Joe Elliott Recalls Rick Allen’s Fight Back from Arm Loss
Joe Elliott admitted that he’d thought it was the “drugs talking” when Def Leppard bandmate Rick Allen said he’d play again days after losing his arm in a car crash. The vocalist hailed the drummer for having fought back to become a better musician than he’d been before the accident on Dec. 31, 1984.
“We were never going to fire him,” Elliott told Hawaii Public Radio in a recent interview (via Blabbermouth). “That's just not the British way of doing things... It wasn't a business. It was a cliquey little club that was ours and ours alone, and when one of us gets kind of lost by the wayside, it's a hard thing to bring somebody else in.
“When Rick lost his arm, there was no way we were going to say, 'Okay, you're done, so we're just going to put an advert out for someone else.' I'd be lying if we didn't think as human beings that, gone through what he'd just gone through, he probably wouldn't play the drums again.”
You can listen to the interview below:
Those thoughts circulated for the few days Allen remained in a coma, Elliott recalled. “Once he was upright, he actually said, 'I think I figured a way around it.' I remember me and Phil [Collen] kind of looking at each other [thinking], 'Yeah, that's the drugs talking.’”
The rest of the band continued working on their Hysteria album while Allen focused on his recovery, learning to play with three limbs using an electronic drum kit. “We never went anywhere near him,” the singer said. “It would have been wrong to hover over his shoulder, watching him re-learn how to play, so we left him alone until he decided he wanted us to hear it.
“After about four or five months, I remember he came into the control room in the studio in Holland and said, 'I want you to come and listen to something.' We all went in there not knowing what to expect, and it was quite simple, but he just started playing the beginning of ‘When The Levee Breaks’ by Led Zeppelin, and it was astonishing.”

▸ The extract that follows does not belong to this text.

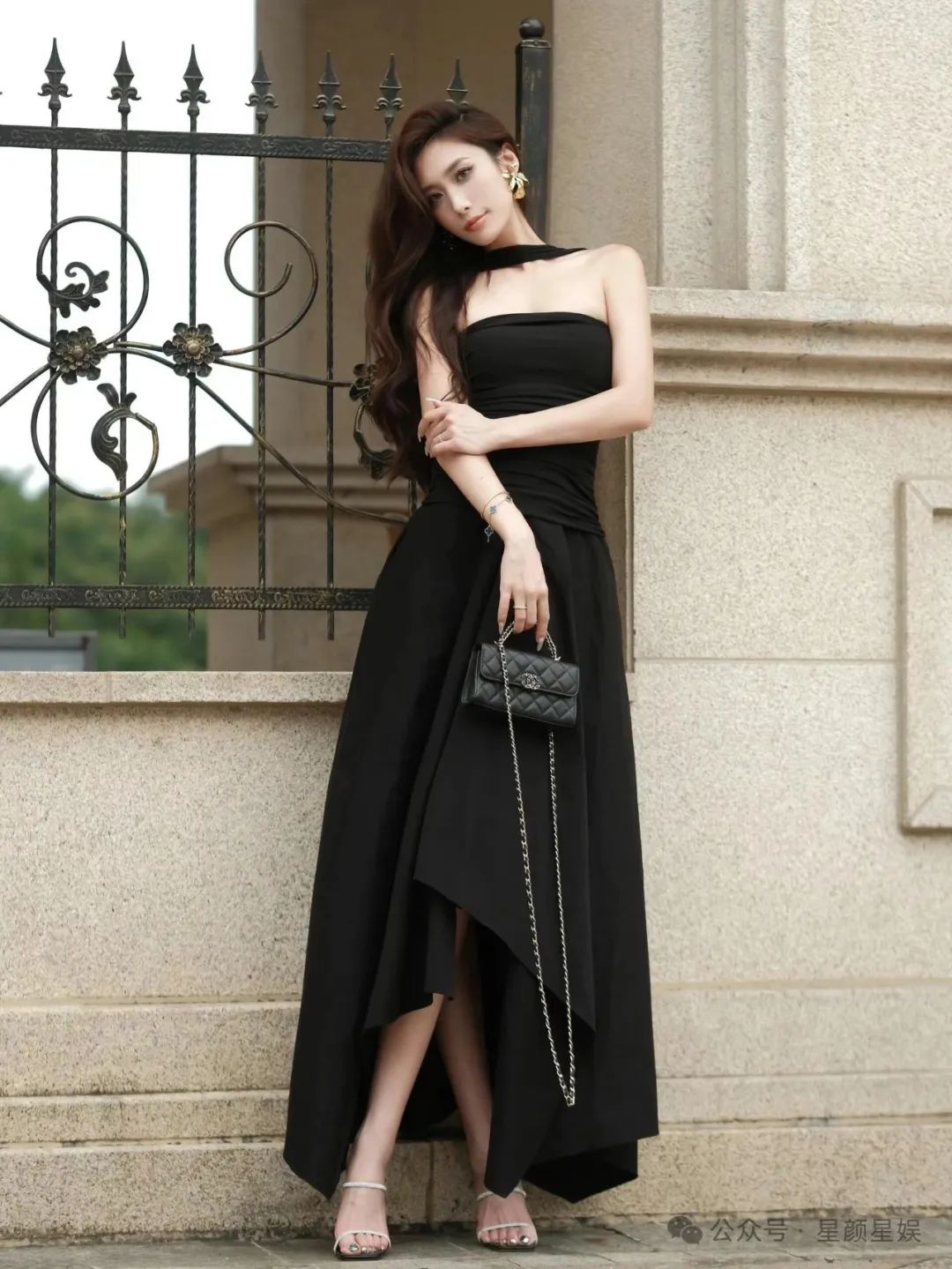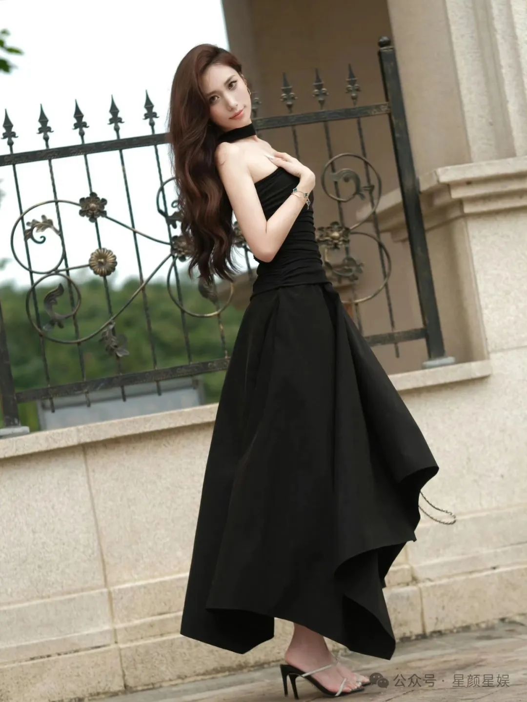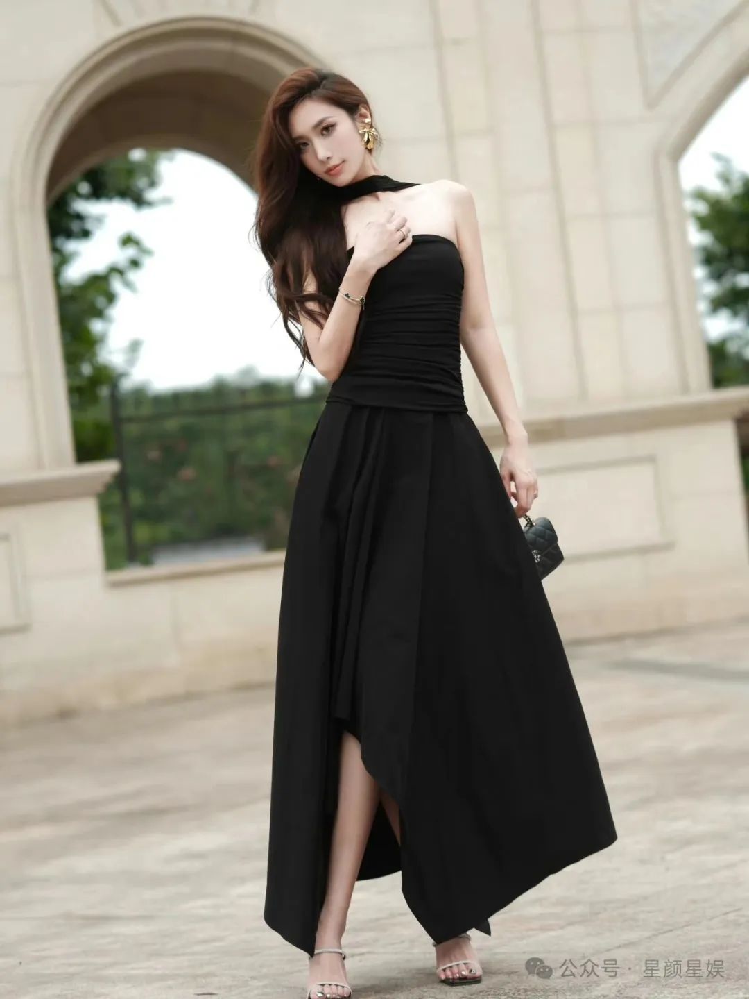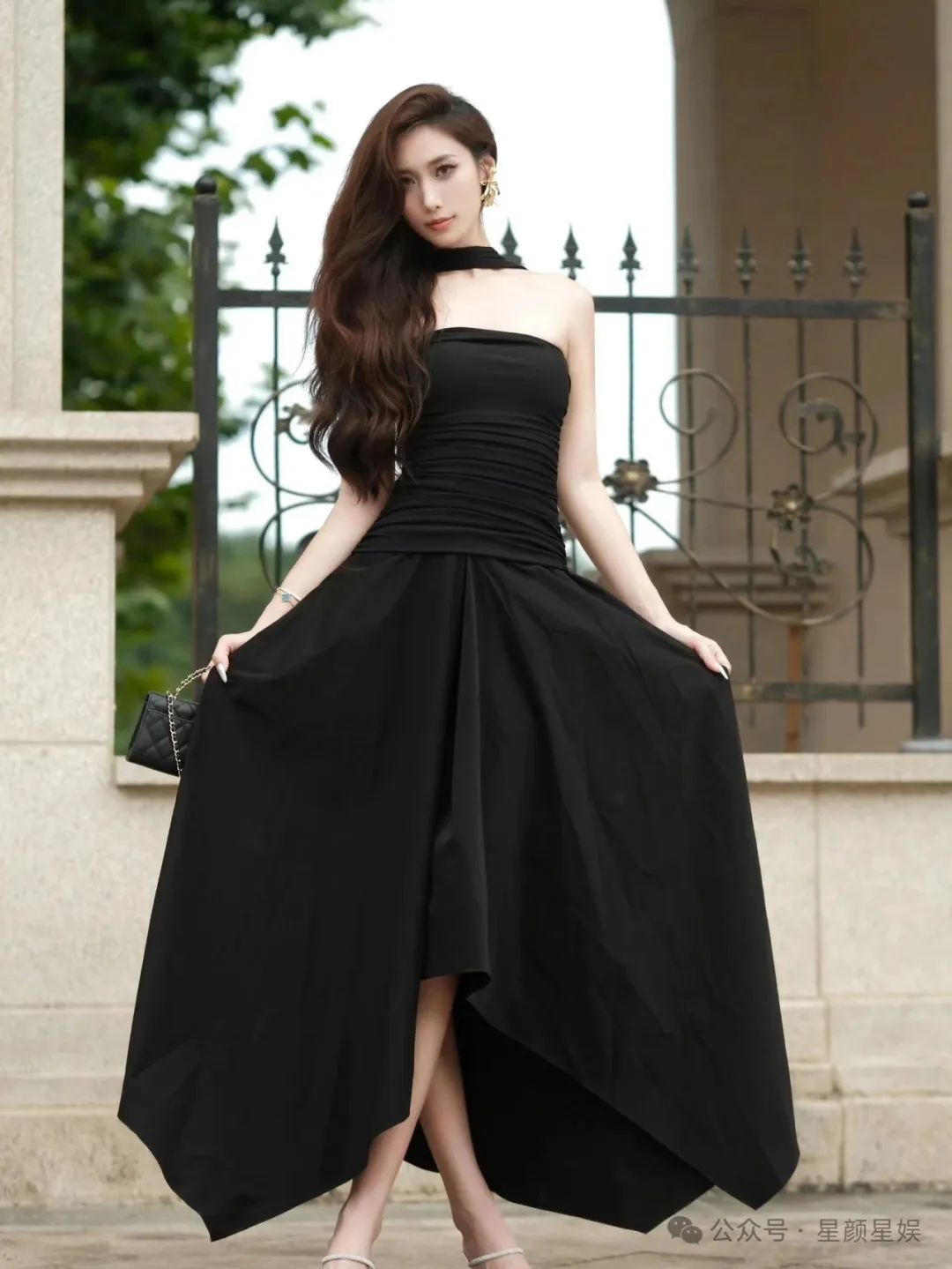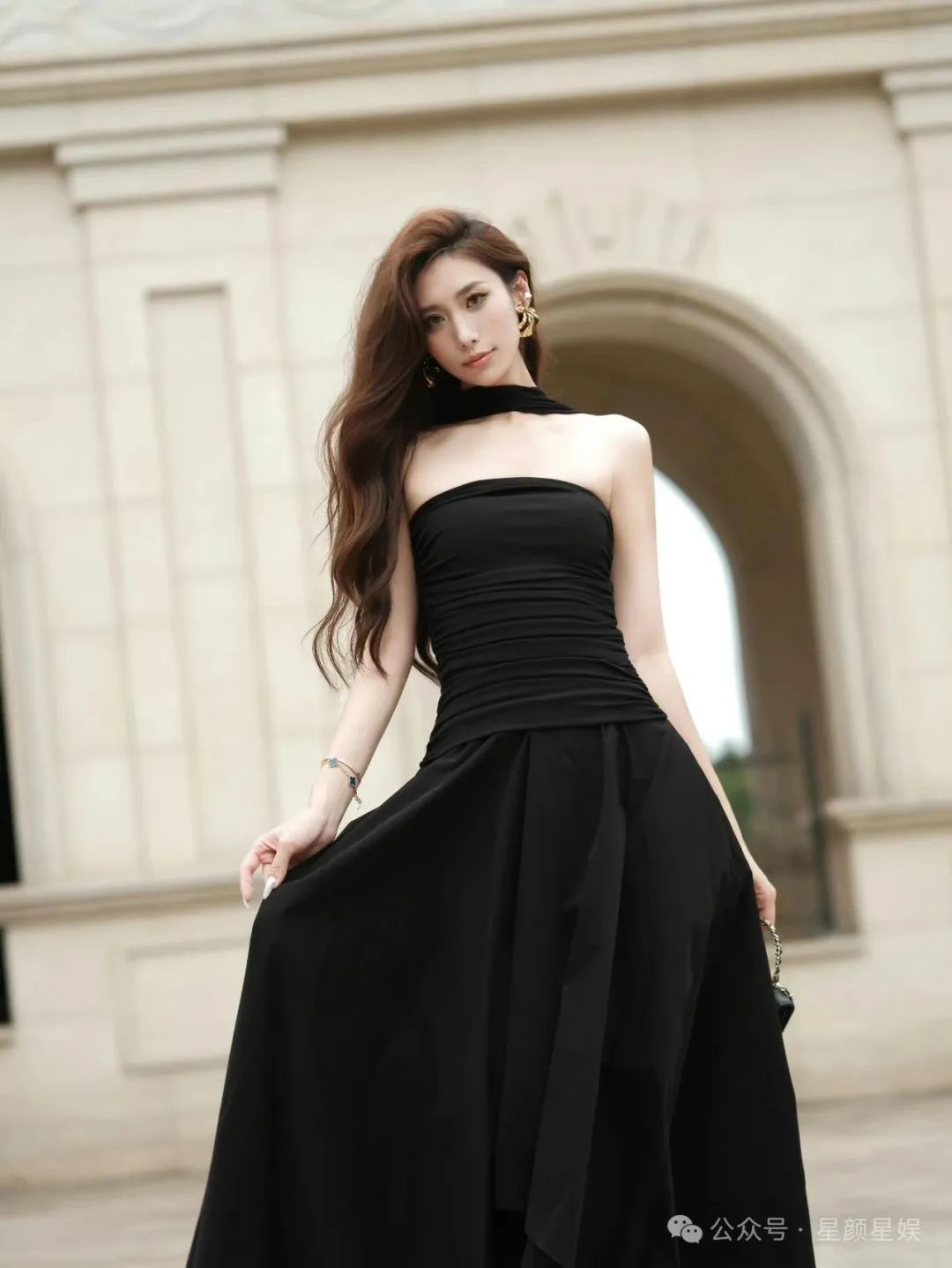 高颜值女神,修长身材,黑色抹胸裙,太迷人

By mid-1986 Allen had returned to the stage, and, having regained his confidence, Elliott said the band got “pretty much back to being self-sufficient again.” He continued, “We never had any pressure from the label or the management, because they knew the kind of band we were. We were never going to have any of it. It's a family – we don't necessarily always agree on everything, and we've had a few rough times and fights and disagreements, like most marriages do.”
He argued, “[Allen is] actually a much better musician now than he ever was before. He has to think harder, because he doesn't have that natural swing of two arms. He has to plan how he's going to do things with a bit more thought, which suits the songs better. It made everybody reevaluate the way that we arrange songs and play them for the benefit.”